Instansi pembina mempunyai tugas antara lain: memfasilitasi pembentukan organisasi profesi Jabatan Fungsional Pengawas Ketenagakerjaan dan memfasilitasi penyusunan dan penetapan kode etik dan kode perilaku profesi Jabatan Fungsional Pengawas Ketenagakerjaan. Hubungan kerja antara Instansi Pembina dengan APKI bersifat koordinatif dan fasilitatif untuk penyelenggaraan tugas dan fungsi Pembinaan Jabatan Fungsional Pengawas Ketenagakerjaan


Menyikapi situasi perubahan dan perkembangan jaman, Pengawas Ketenagakerjaan perlu melakukan langkah adaptasi, maka APKI yang selama ini telah berdiri sejak tahun 2001, perlu dilakukan penyesuaian untuk menjawab kebutuhan di bidang pengawasan ketenagakerjaan. Dalam kaitan tersebut, APKI sebagaimana cita-cita pembentukannya hendaknya mampu berperan dalam meningkatkan profesionalisme, kemajuan, kesejahteraan, serta meningkatkan perlindungan harkat dan martabat pengawasan ketenagakerjaan.
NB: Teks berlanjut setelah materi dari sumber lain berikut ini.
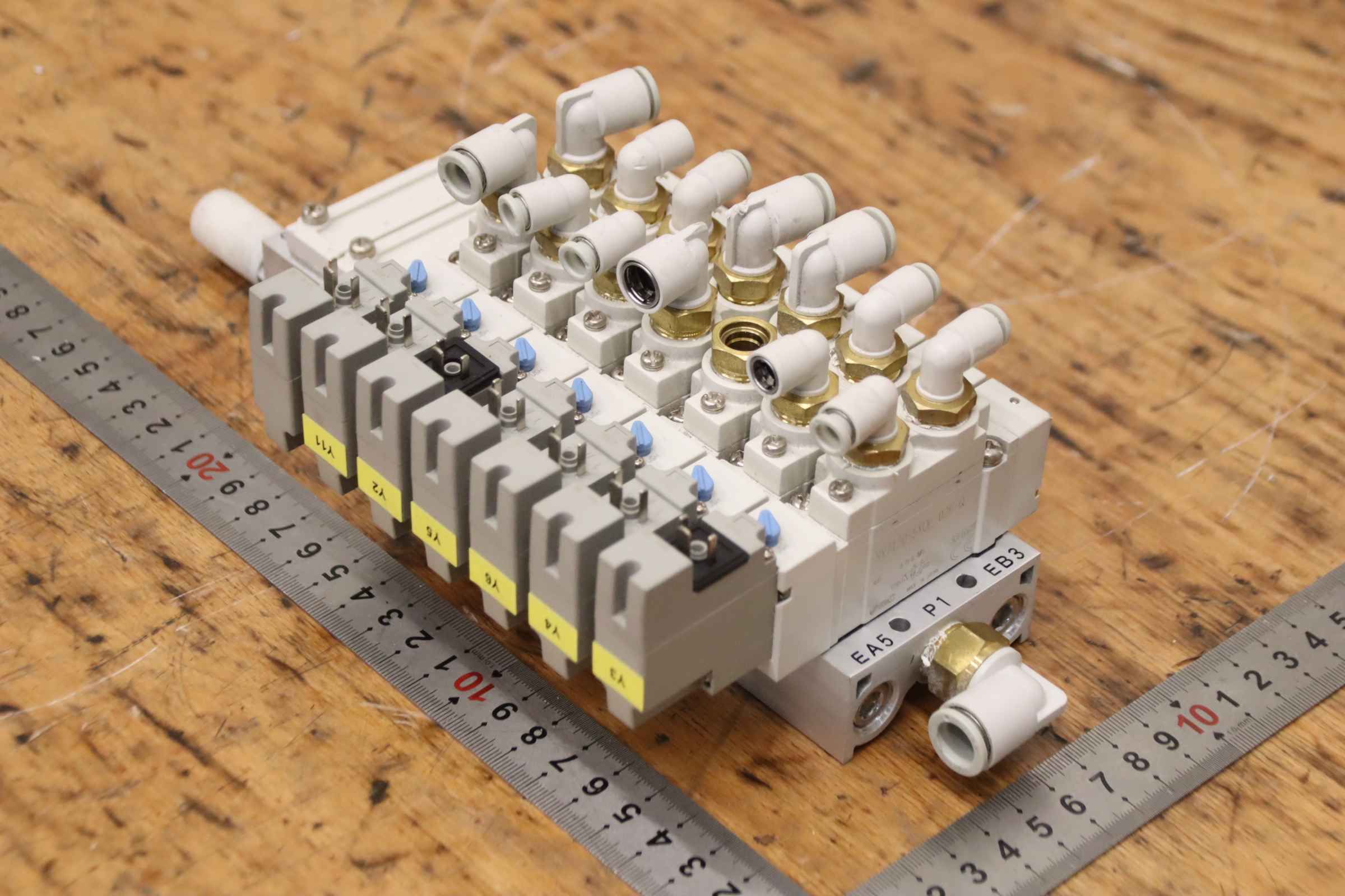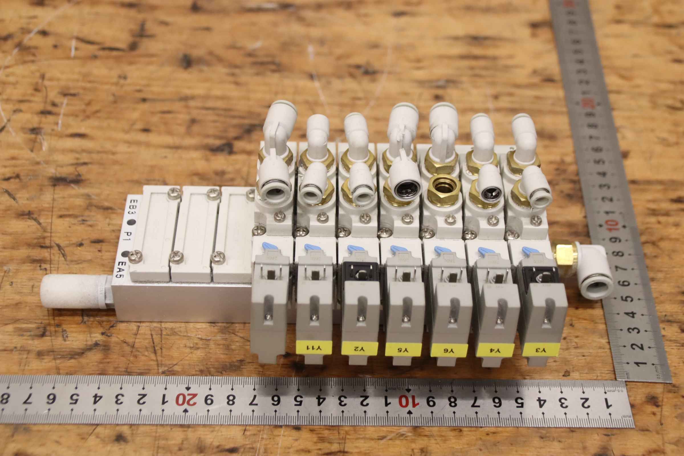 Valve manifolds, multipole connection, directional control valve, solenoid valve, pneumatic valve, air valve, pressure valve -Manufacturer: SMC, Valve manifold SX7000 / SY7000 -Solenoid valves: SY7120-5YOE-02F-Q 7 pieces -Individual components: see photos -Price/Fee: complete -Dimensions: 270/120/H90 mm -Weight: 1.7 kg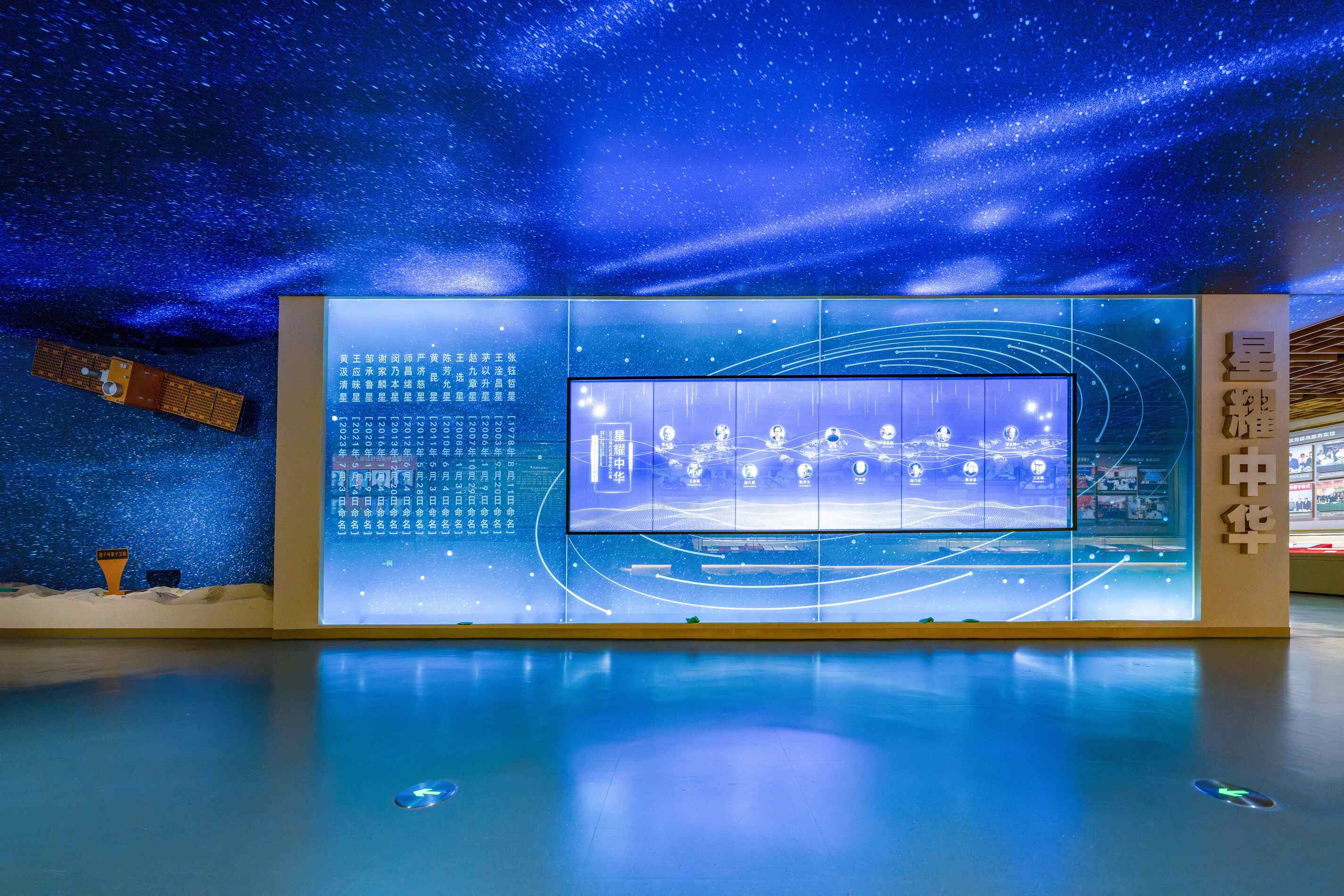 ◮结合九三学社社员科技界的界别特征,以动态灯箱营造满天星斗的沉浸式、科技范场景,大型交互魔屏以流动方式呈现王选等卓越学者人才画面信息,观众可通过点击查询更加详细的信息,整体性场景营造,烘托九三学社在科技界的重要地位、重大贡献,凸显九三学社特色信息的传达。

Untuk mewujudkan cita-cita tersebut perlu keikutsertaan dan optimalisasi peran seluruh potensi yang dimiliki, baik itu fungsional pengawas ketenagakerjaan, pengawas ketenagakerjaan yang menduduki jabatan struktural di bidang ketenagakerjaan maupun di luar bidang ketenagakerjaan, termasuk purna bakti pengawasan ketenagakerjaan yang terdaftar sebagai anggota APKI.


Selaras dengan Pasal 55 Peraturan Menteri Pendayagunaan Aparatur Sipil Negara dan Reformasi Birokrasi Nomor 30 Tahun 2020 tentang Jabatan Fungsional Pengawas Ketenagakerjaan, APKI sebagai organisasi profesi harus didaftar pada Kementerian Hukum dan Hak Asasi Manusia, sebagai pelaksanaan Peraturan Menteri Hukum dan Hak Asasi Manusia RI., Nomor 3 Tahun 2016 Tentang Tata Cara Pengajuan Permohonan Pengesahan Badan Hukum Dan Persetujuan Perubahan Anggaran Dasar Perkumpulan.


PEMBENTUKAN DPD APKI PROVINSI JAWA BARAT

Dewan Pengurus Daerah disusun oleh Ketua DPD P2KI terpilih dan disahkan melalui surat keputusan Ketua DPP APKI. Susunan Deawan Pengurus Daerah terdiri atas : 

a. Dewan Pembina Daerah;

b. Ketua;

c. Wakil Ketua;

d. Sekertaris;

e. Bendahara, dan

f.  Bidang


Susunan Dewan Pengurus Daerah tersebut lebih lengkap sebagaimana termuat dalam website DPD APKI Provinsi Jawa Barat ini.